What you should do:
Taking the data below, please print only the lines from the line holding "Create a beautiful, always" to the line holding "Suéter em Algodão e Textura Roxo", inclusive, with pictures omitted.

Recorded information:
________________________________________
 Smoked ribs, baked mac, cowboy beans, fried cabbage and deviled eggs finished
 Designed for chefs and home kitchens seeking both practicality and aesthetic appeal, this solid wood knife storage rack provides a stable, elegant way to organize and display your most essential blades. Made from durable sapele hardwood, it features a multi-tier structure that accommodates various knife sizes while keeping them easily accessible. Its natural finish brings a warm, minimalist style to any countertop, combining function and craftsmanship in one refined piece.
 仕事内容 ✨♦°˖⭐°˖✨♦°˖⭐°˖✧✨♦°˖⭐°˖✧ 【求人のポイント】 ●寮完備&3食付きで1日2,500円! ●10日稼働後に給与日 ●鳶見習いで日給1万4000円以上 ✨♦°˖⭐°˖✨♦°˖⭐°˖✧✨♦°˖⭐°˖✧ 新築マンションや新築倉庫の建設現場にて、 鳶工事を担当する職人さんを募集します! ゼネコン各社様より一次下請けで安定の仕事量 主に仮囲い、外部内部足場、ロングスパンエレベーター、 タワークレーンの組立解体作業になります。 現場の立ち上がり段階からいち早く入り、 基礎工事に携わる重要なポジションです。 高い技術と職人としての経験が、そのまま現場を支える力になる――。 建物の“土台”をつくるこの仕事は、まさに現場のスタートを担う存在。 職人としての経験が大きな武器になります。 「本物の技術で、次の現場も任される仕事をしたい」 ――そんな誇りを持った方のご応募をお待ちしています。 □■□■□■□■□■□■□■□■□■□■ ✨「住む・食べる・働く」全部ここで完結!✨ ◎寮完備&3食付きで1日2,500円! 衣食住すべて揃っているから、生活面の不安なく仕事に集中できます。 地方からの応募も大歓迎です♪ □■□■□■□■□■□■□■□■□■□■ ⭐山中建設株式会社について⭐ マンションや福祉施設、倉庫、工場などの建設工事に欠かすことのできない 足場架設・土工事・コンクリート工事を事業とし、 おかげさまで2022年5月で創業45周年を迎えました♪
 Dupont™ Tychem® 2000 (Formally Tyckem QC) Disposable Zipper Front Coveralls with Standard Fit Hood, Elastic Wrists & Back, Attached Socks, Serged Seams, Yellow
________________________________________
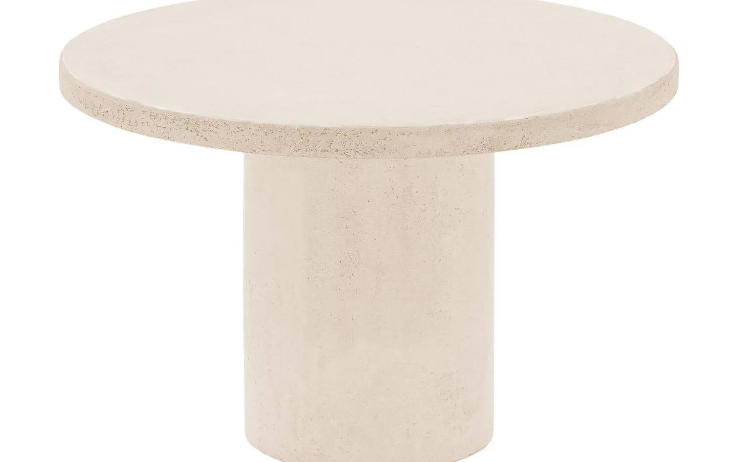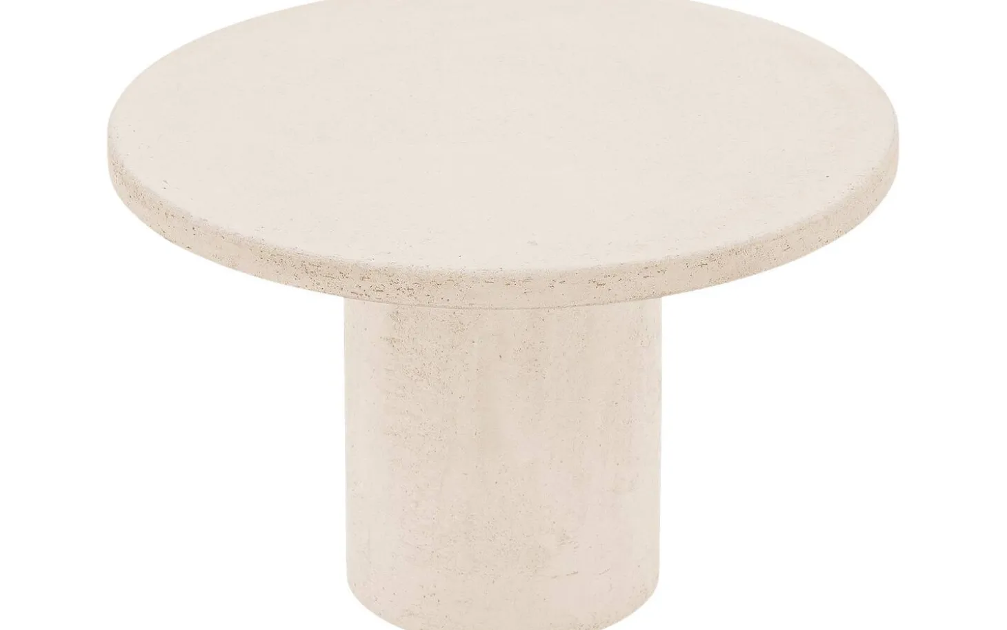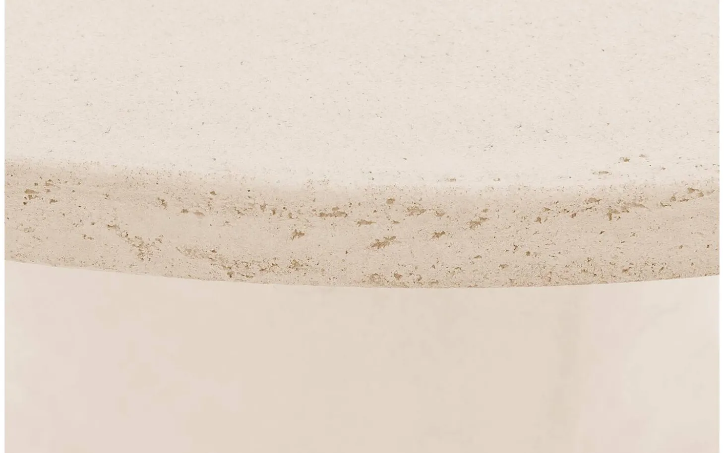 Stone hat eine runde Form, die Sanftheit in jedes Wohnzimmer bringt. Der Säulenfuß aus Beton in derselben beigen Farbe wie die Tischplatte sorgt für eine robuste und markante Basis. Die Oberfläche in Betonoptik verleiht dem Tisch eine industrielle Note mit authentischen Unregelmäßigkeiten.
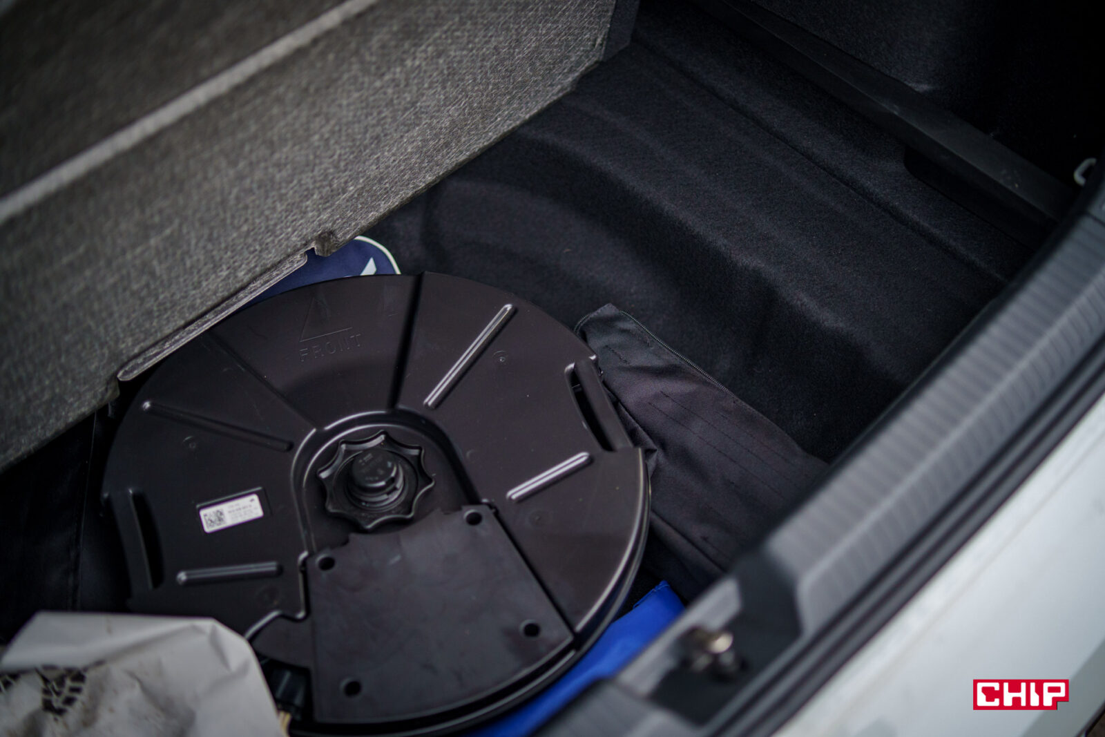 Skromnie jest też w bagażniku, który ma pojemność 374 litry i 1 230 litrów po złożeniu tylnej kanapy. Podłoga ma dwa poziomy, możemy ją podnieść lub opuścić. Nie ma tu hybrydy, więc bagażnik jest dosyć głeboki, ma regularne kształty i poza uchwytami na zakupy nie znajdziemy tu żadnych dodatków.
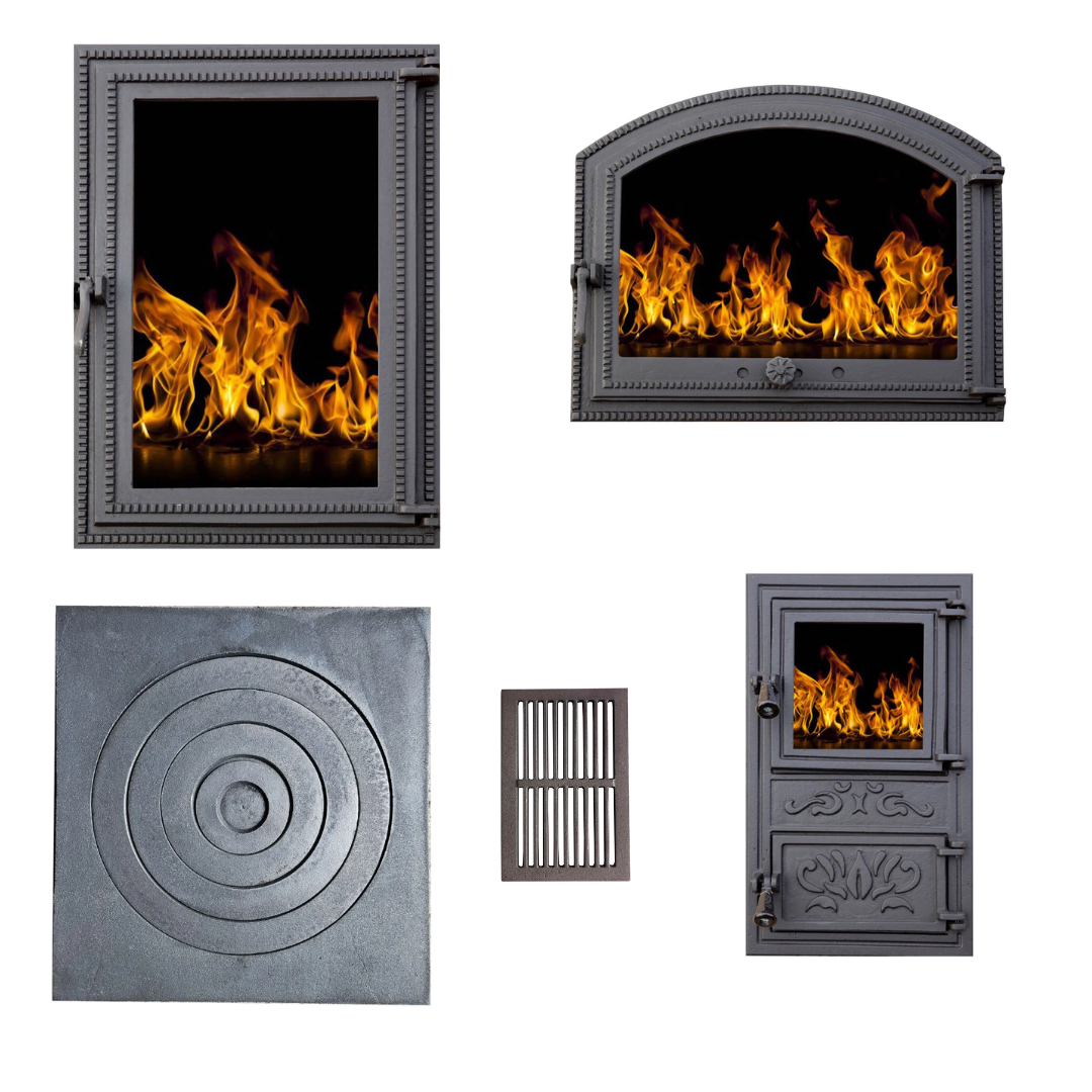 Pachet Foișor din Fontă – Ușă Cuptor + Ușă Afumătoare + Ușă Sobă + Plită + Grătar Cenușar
________________________________________
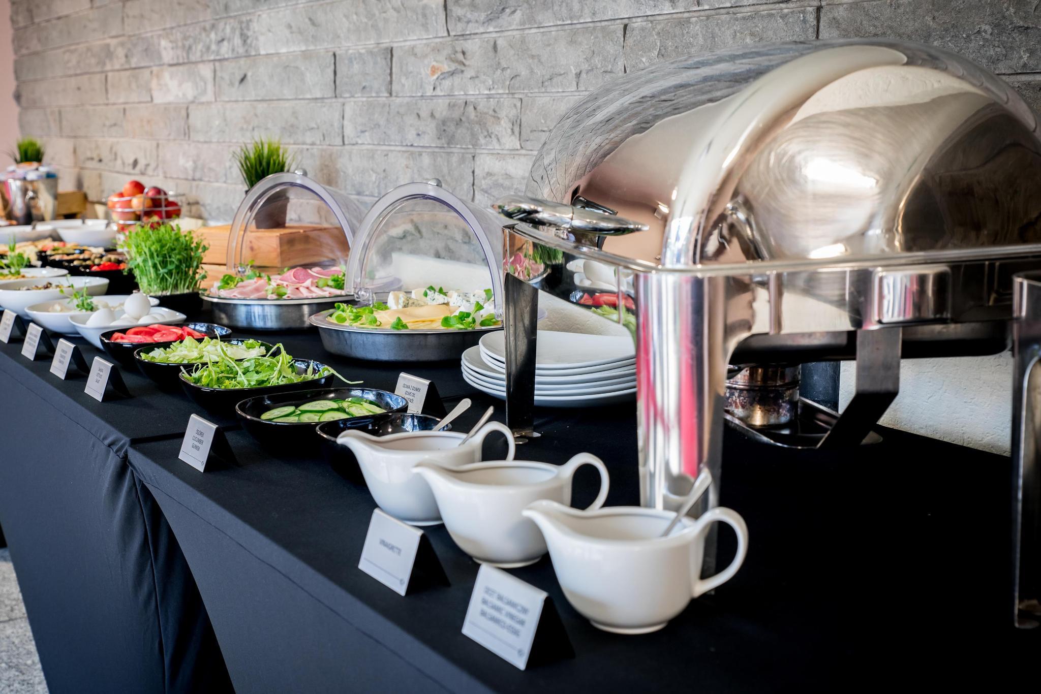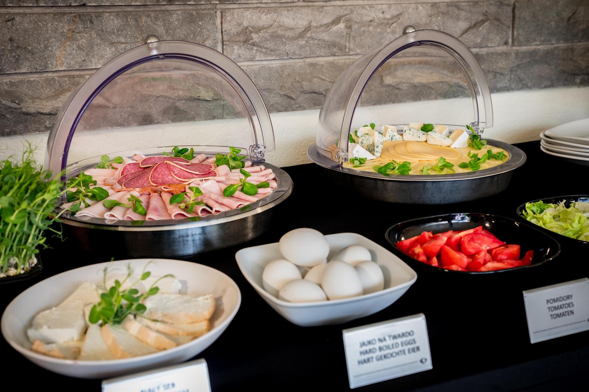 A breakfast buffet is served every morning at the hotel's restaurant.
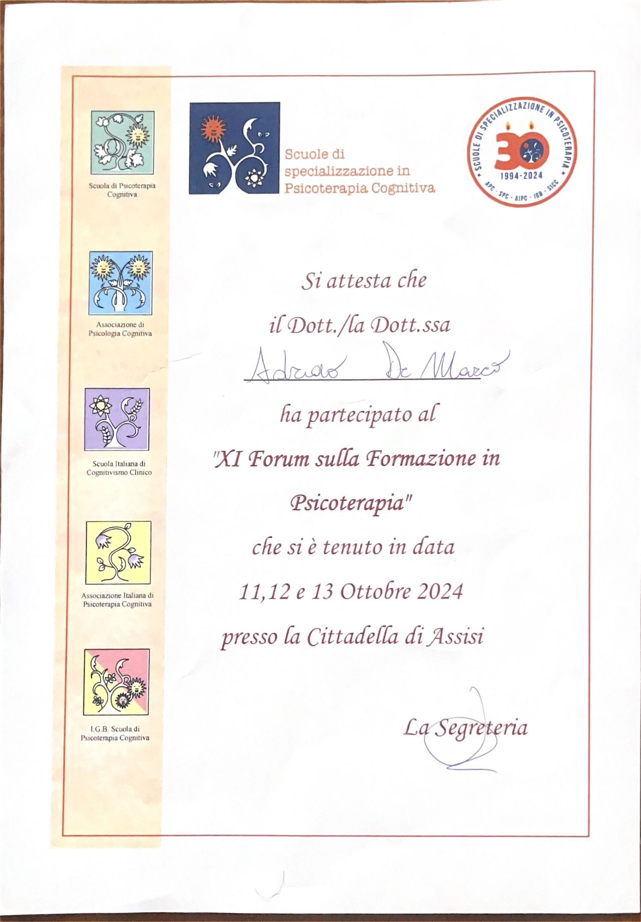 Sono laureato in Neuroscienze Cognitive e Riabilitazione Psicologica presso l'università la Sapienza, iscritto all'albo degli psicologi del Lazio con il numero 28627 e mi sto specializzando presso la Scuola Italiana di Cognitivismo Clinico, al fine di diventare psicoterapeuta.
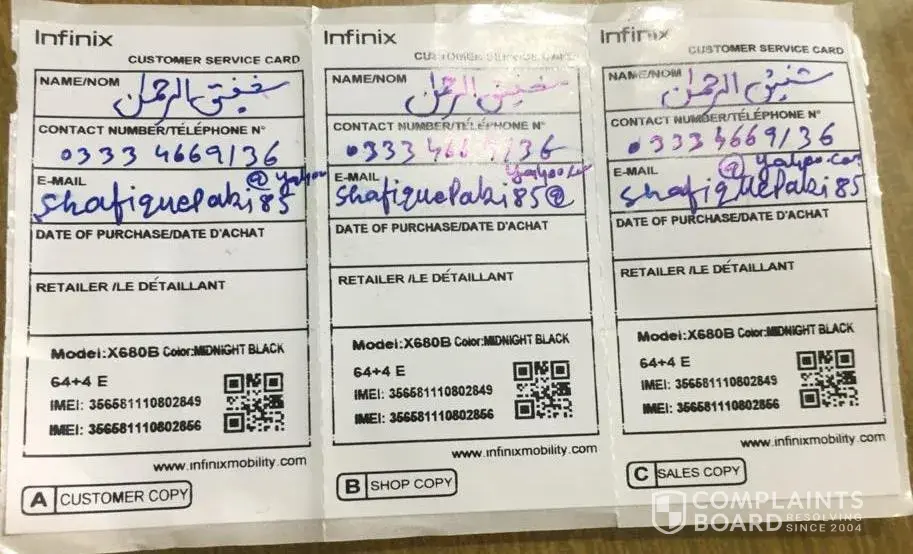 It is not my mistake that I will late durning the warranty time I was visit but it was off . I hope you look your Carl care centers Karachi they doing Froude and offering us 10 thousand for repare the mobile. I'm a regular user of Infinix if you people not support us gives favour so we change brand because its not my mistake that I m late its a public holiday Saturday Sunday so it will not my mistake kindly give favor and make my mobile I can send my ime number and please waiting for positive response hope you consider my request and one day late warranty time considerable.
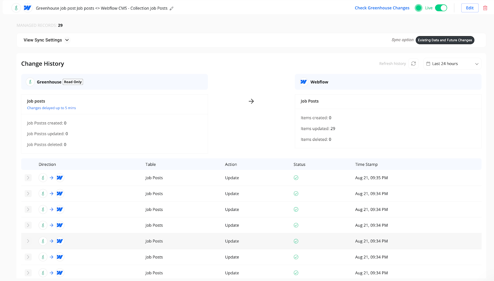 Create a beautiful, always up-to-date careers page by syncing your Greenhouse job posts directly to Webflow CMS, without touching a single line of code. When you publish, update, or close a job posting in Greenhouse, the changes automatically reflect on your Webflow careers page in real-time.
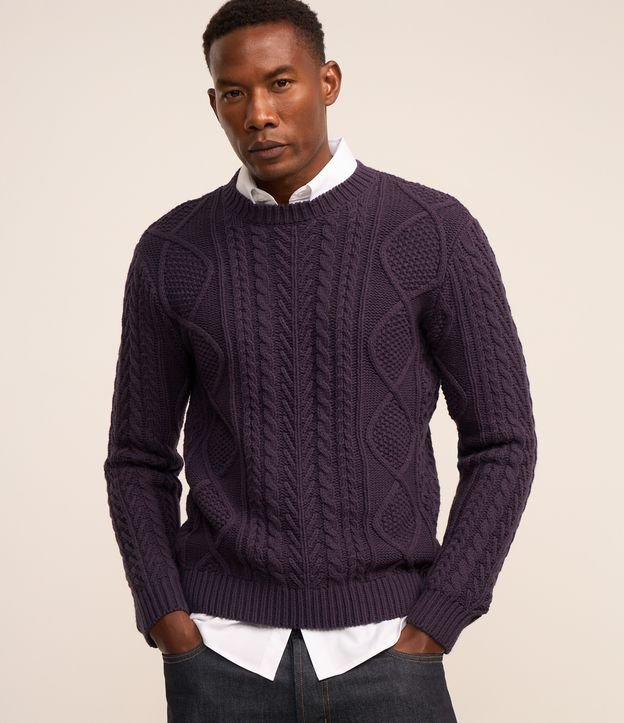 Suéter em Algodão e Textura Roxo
________________________________________
Exercise output:
 Create a beautiful, always up-to-date careers page by syncing your Greenhouse job posts directly to Webflow CMS, without touching a single line of code. When you publish, update, or close a job posting in Greenhouse, the changes automatically reflect on your Webflow careers page in real-time.
 Suéter em Algodão e Textura Roxo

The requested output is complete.